Соловьев вытащил на всякий случай пистолеты из седельных сумок, заткнул за пояс, спрыгнул с лошади, подошел к первым саням, подцепил ногой валявший рядом синий лоскут. Мелькнула вышитая золотом пчела. Понятно, французский обоз. Справа раздался характерный щелчок взводимого пистолета. Соловьев чуть повернул голову и наткнулся на немигающий взгляд офицера, который сидел на снегу, широко раскинув ноги и опершись спиной о дерево. В руке у него был пистолет, смотревший в грудь Соловьеву. Глаза офицеры были пусты и безжалостны, рука тверда, истукан, а не человек. Недолго думая, Соловьев рухнул на землю. Раздался выстрел, просвистела пуля, рука офицера вмиг стала тряпичной и опала, голова поникла на грудь, в углу рта появилась и поползла вниз буроватая струйка.

Соловьев вскочил на ноги, обернулся к своим, крикнул со смехом:

– Пехота!

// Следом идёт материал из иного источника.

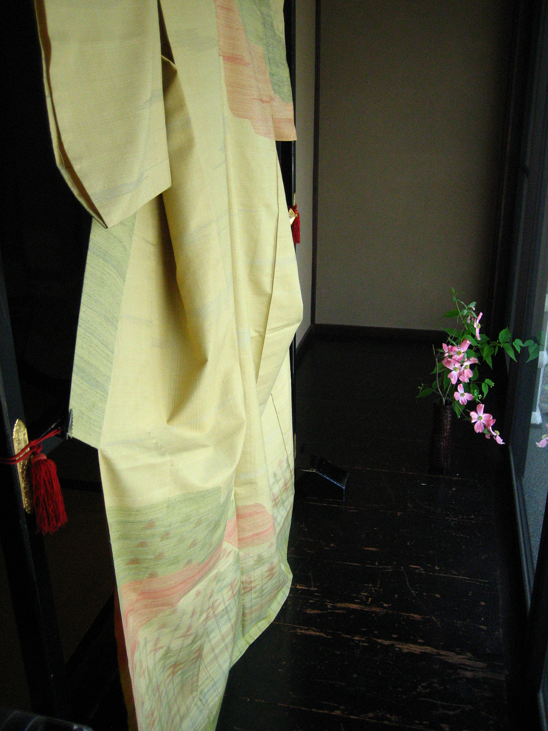 今回の展示では自然や共鳴する様々な心をテーマに新作を含めた訪問着、着尺、八寸帯、半巾帯、その他の和装小物等をご覧頂くことができます。近年ではパーティやお茶会等でも従来の染めの着物に引けをとらない紬を見かけることが増えました。着崩れせず丈夫で奥深い光沢がある紬は、一昔前まで普段着とされていたものからよりフォーマルな用途へと広がってきました。特に松本紬(信州紬)のデザインの独創性は着物通の方々にとても人気のようです。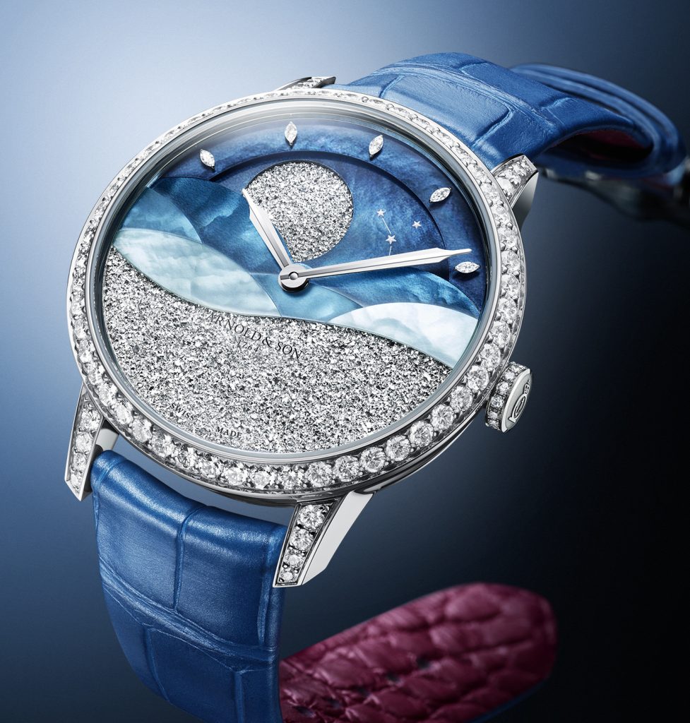 Per i polsi femminili il Perpetual Moon 38 Mintnight ha una luna su un cielo verde menta che viene vista dalla terra, su uno sfondo di colline blu-verde menta-turchesi. Sulla cassa (protetta da vetro zaffiro anche sul fondello) e sulle anse in oro bianco risplendono 80 brillanti e 22 sono sulla fibbia in oro bianco; sul quadrante lw decorazioni sono in cristalli di rutenio, le costellazioni sono dipinte a mano, cinque diamanti taglio marquise indicano l’ora. Il Calibro A&S1612 è a carica manuale, ha una riserva di carica di 90 ore e 24 rubini. Gli esemplari di questo orologio da favola sono 18 e possiamo anche dire che è stato selezionato fra i sei orologi da polso Ladies che prenderanno parte al prossimo G.P.H.G.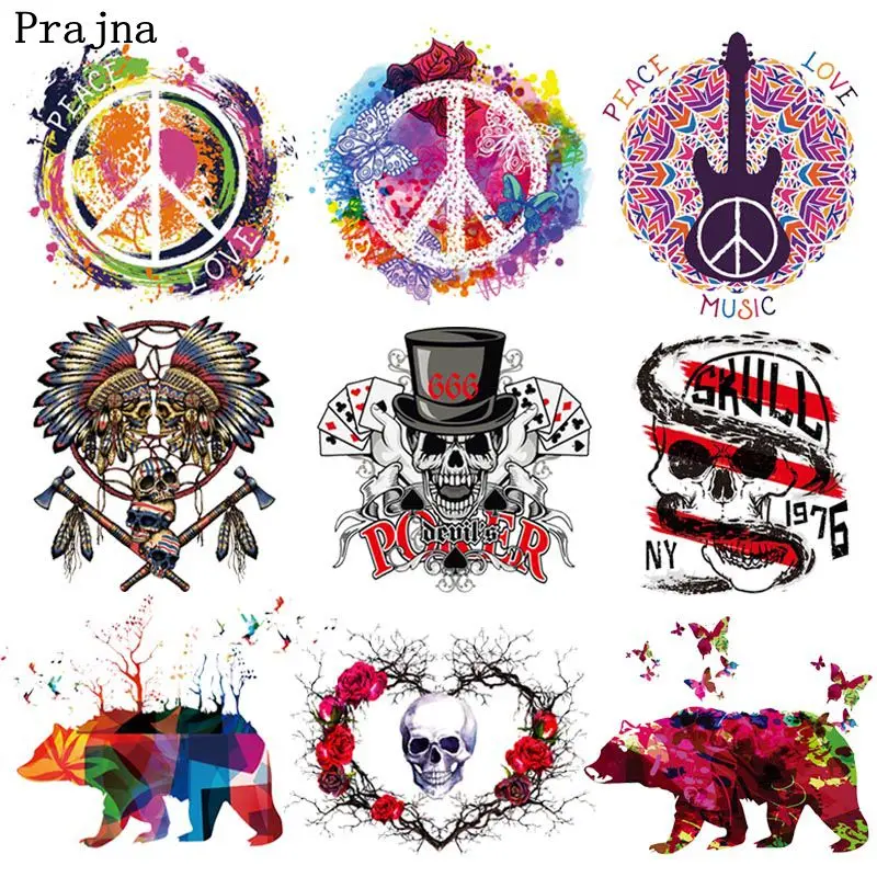Патчи Prajna с черепом, термонаклейки, наклейки для одежды, куртки,...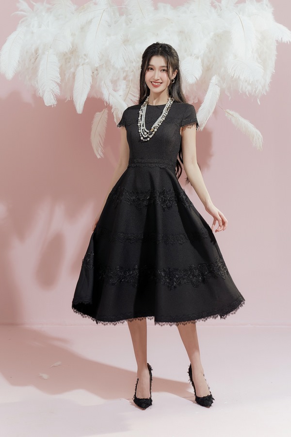 Vẫn với kỹ thuật hoa hồng cuộn nổi 3D được biến tấu trong muôn vàn sắc thái từ búp nở, e ấp, đến lúc từng cánh nở rộ rực rỡ với đa dạng chất liệu cao cấp từ gấm, nhung, ren và lụa… Thông qua những thiết kế này, Phương Nhi trở thành tâm điểm ánh nhìn, ngọt ngào nhưng cũng đầy kiêu kỳ.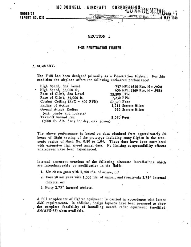 McDonnell F-88 Penetration Fighter Report

Совсем пить не умеют! Дорвались, как Мартын до мыла, залились до бровей!

– Крестьяне! – презрительно сплюнул один из гусар. – Новобранцы.

Соловьев кивнул, соглашаясь. Крестьяне из крепостных пить были не приучены, у них в деревне такое дозволялось только по большим праздникам, но и тогда молодым, неженатым парням ничего, кроме медовухи и пива, не наливали. Пить начинали только в армии.

– Со всяким может случиться, – вступился драгун, – с устатку да на голодное брюхо.

– Надо пошарить вокруг, может, чё осталось?

– Чтоб у русского солдата да осталось!

– Не немцы, чай!

– Однова живем!

Соловьев между тем всматривался в дерево у дороги. На высоте человеческого роста кора была стесана, на стволе черной краской выведены цифры – 31. Тройка пятью выстрелами была превращена в восьмерку.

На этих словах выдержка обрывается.